Today even the simplest web app can rely on a diverse mix of online services.

These services support a range of crucial functions in modern applications: Facebook for authentication, Box for storage, Twilio for messaging, Square for payments, Google AdSense for advertising and more.

Moving further down the software stack, it is also becoming increasingly common to weave together apps using even smaller on-demand components, such as Amazon ElastiCache or the cloud-based graph database GrapheneDB.

IBM predicts this trend of gluing together online services into “mesh applications” will accelerate as the number of cloud platforms continues to increase, growing beyond Amazon Web Services, Microsoft Azure, Google Cloud Platform, Heroku, IBM BlueMix, CloudFoundry and others available today.

The challenge for firms is that every time they bolt a new cloud-based service onto an app the company is trusting data and the smooth running of their software to a potentially unknown third party.

A new security model for the cloud

In a world where many different and sometimes geographically dispersed services regularly share data, networking experts say a new approach to application security is needed.

“Despite the shift in how applications are being disaggregated, the management of security between services and tenants remains largely the same: one focused on a perimeter defense with a largely static security configuration,” write researchers from IBM Watson Research Center, the University of Colorado and Princeton University.

“While isolation enables tenants to reason about their perimeter, perimeter defense is widely considered insufficient.”

With the many different cloud services that make up these applications regularly swapping data and commands, attacks on apps can be hard to detect, the researchers argue, as criminals can “rely on their relative anonymity to bypass the perimeter”.

In such complex systems, software-defined networking (SDN) and network function virtualization (NFV) are increasingly being used to enforce security policies on traffic as it flows over the network.

While the programmable infrastructures that SDN and NFV enable can boost security for these mesh applications, the researchers believe these automated systems need better guidance.

To help address the issue of knowing which cloud services can be trusted, IBM and its research partners have designed an experimental system called Seit, which means reputation in Arabic.

Seit is designed to be integrated into cloud management systems to help track the reputation of different services.

Seit allows cloud-based services to interface with its reputation manager, which acts as a repository for ratings assigned to cloud-based services or tenants. These ratings are based on the past behaviour of these services and are automatically generated from alerts, events, and status updates from the cloud infrastructure components these services rely on, such as firewalls, load balancers and network controllers.

When different online services are preparing to interact, they query Seit to discover each other’s crowd-sourced reputation. Using this information each service can then decide how, and if, they should interact, based on their respective reputations and expectations.

To allow cloud services to engage in this reputation sharing, Seit provides a framework that enables a software shim to be created around cloud infrastructure components. This shim allows cloud services and tenants to interface with Seit’s reputation manager.

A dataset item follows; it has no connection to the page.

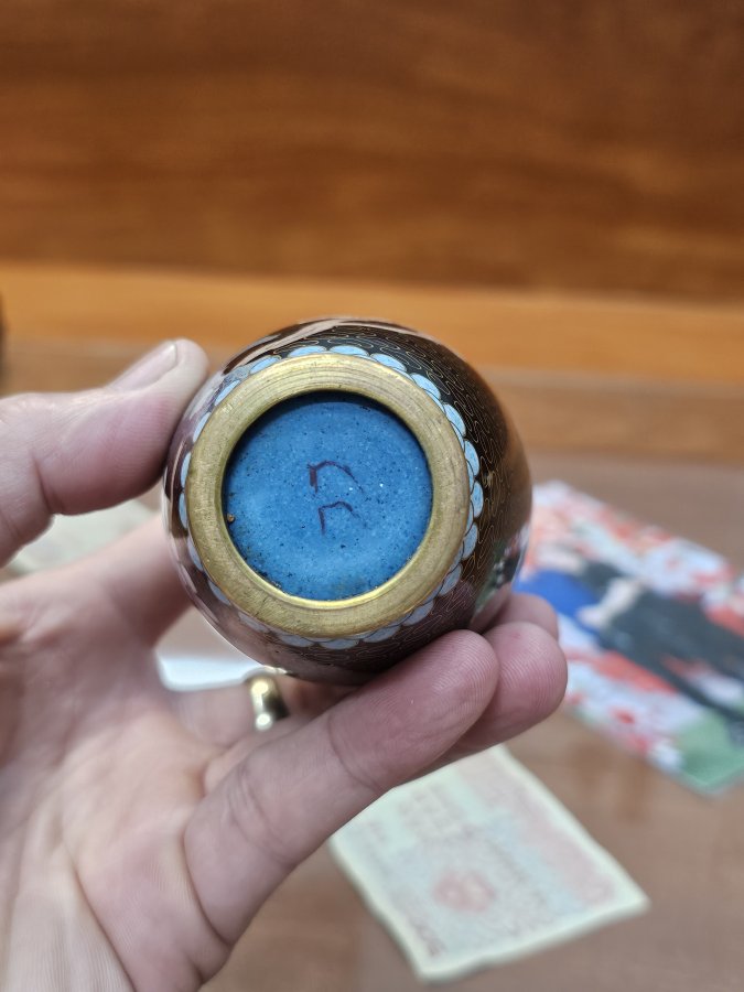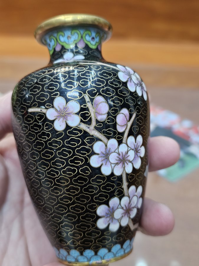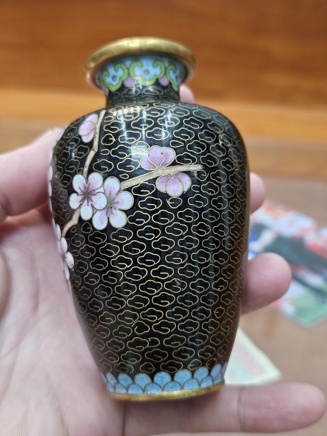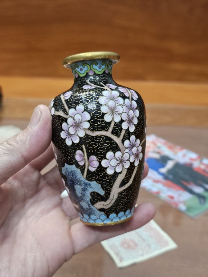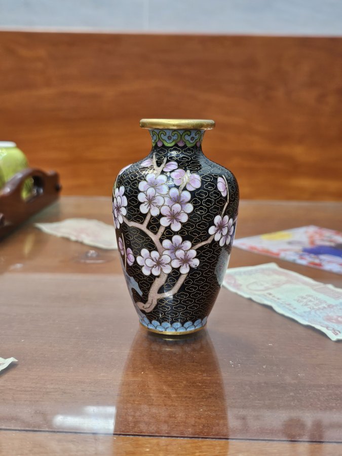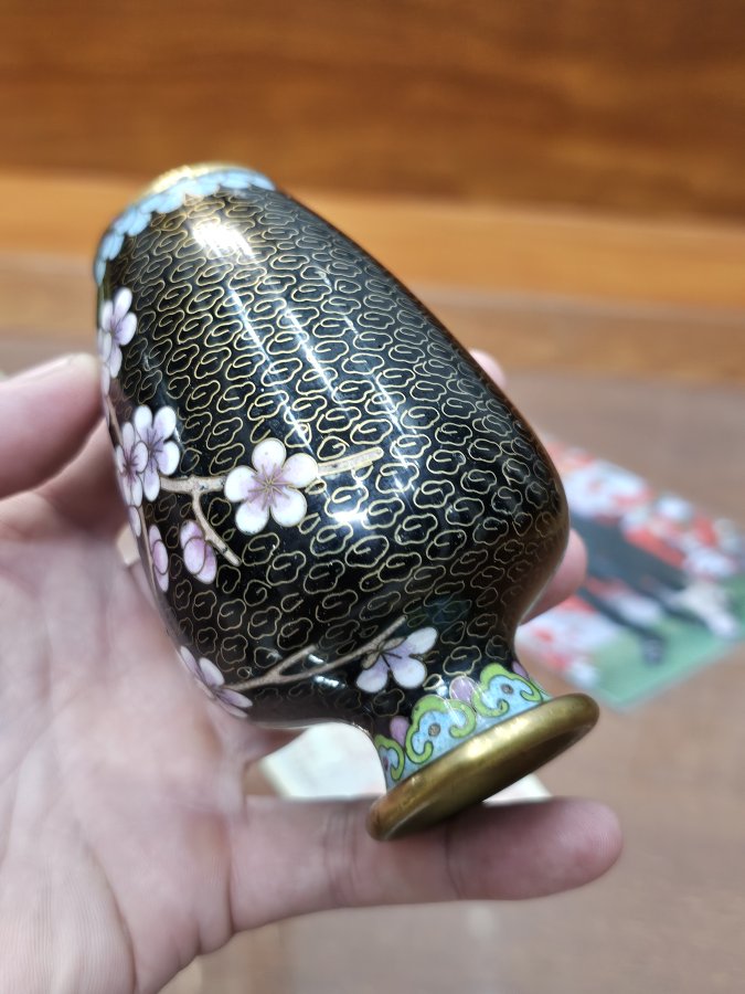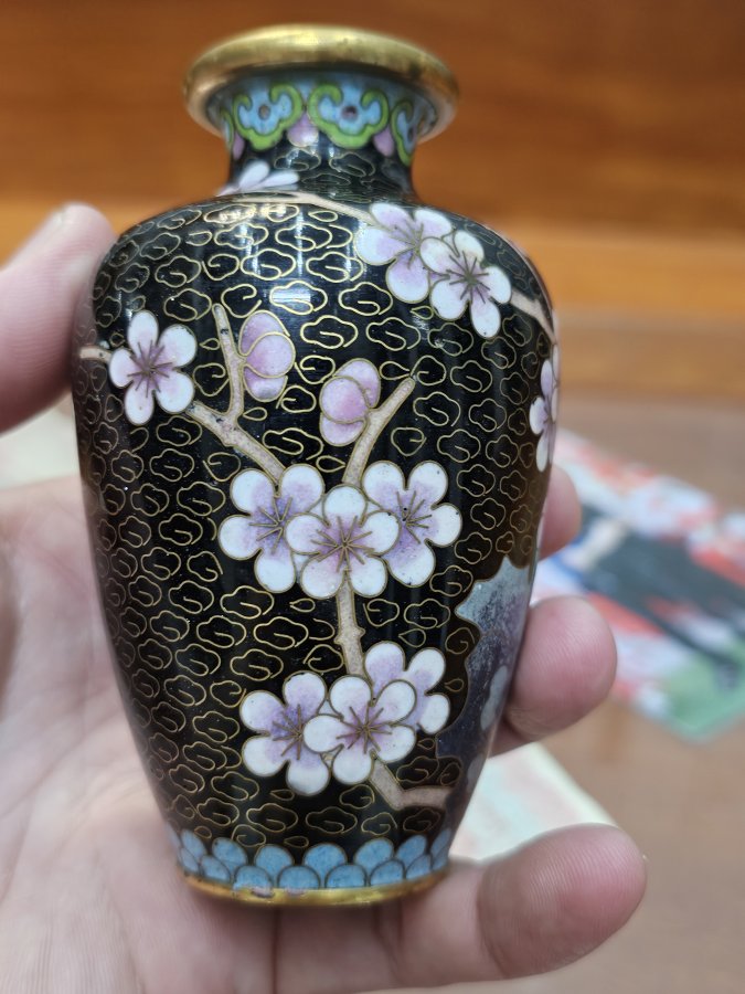 Bình Pháp lam cổ xưa được chế tác thủ công giữa đồng và men cao 10,5cm đẹp
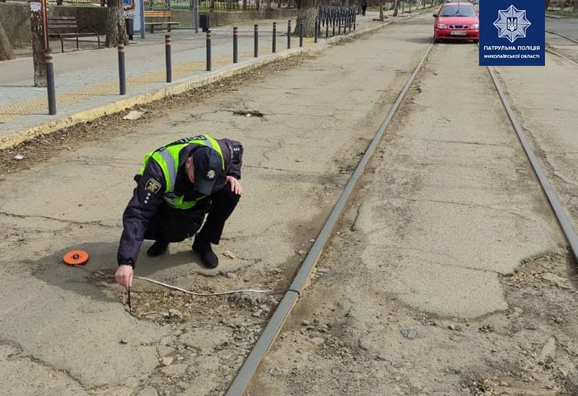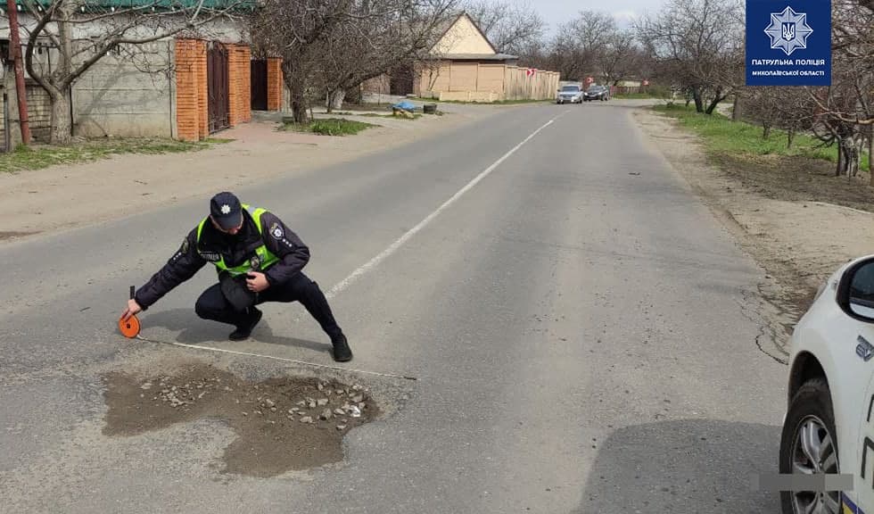Инспекторы отдела безопасности дорожного движения Управления патрульной полиции в Николаевской области фиксируют состояние дорожного покрытия проезжей части, обочин, полос отвода, придорожных территорий, тротуаров, технических средств организации движения и внешнего освещения.

The researchers say Seit makes it easier to isolate cloud services and tenants that are likely to cause problems, as well as optimizing communication between services.

Because reputations are updated each time cloud services or tenants interact with each other, Seit also proved able to warn about malicious and problematic behaviour as it emerged. For example, in a recreation of a denial of service (DoS) attack similar to that launched from AWS EC2 instances in 2014, Seit lowered the reputation of the compromised virtual machines spewing out large amounts of DoS traffic, to the point where the instances driving the attack were isolated.

The researchers provide various examples of how they used Seit – including creating an SDN controller that blocked or screened network traffic from virtual machines with a low reputation, allowing a cloud service broker to filter services offered on CloudFoundry by reputation and building a reputation-guided load balancer.

“Using our emulated environment, we show that Seit can provide improved security by isolating malicious tenants, reduced costs by adapting the infrastructure without compromising security, and increased revenues for high quality service providers by enabling reputation to impact discovery,” the researchers claim in the paper.

IBM and its partners have trialled Seit with various cloud and network components, including the Floodlight SDN controller, CloudFoundry, the HAProxy load balancer, the Snort intrusion detection system and the Nagios monitoring system.

In future they plan to integrate more components with Seit, improve the system’s performance and study scalability challenges when managing a large number of components and tenants spread across autonomous clouds in different locations.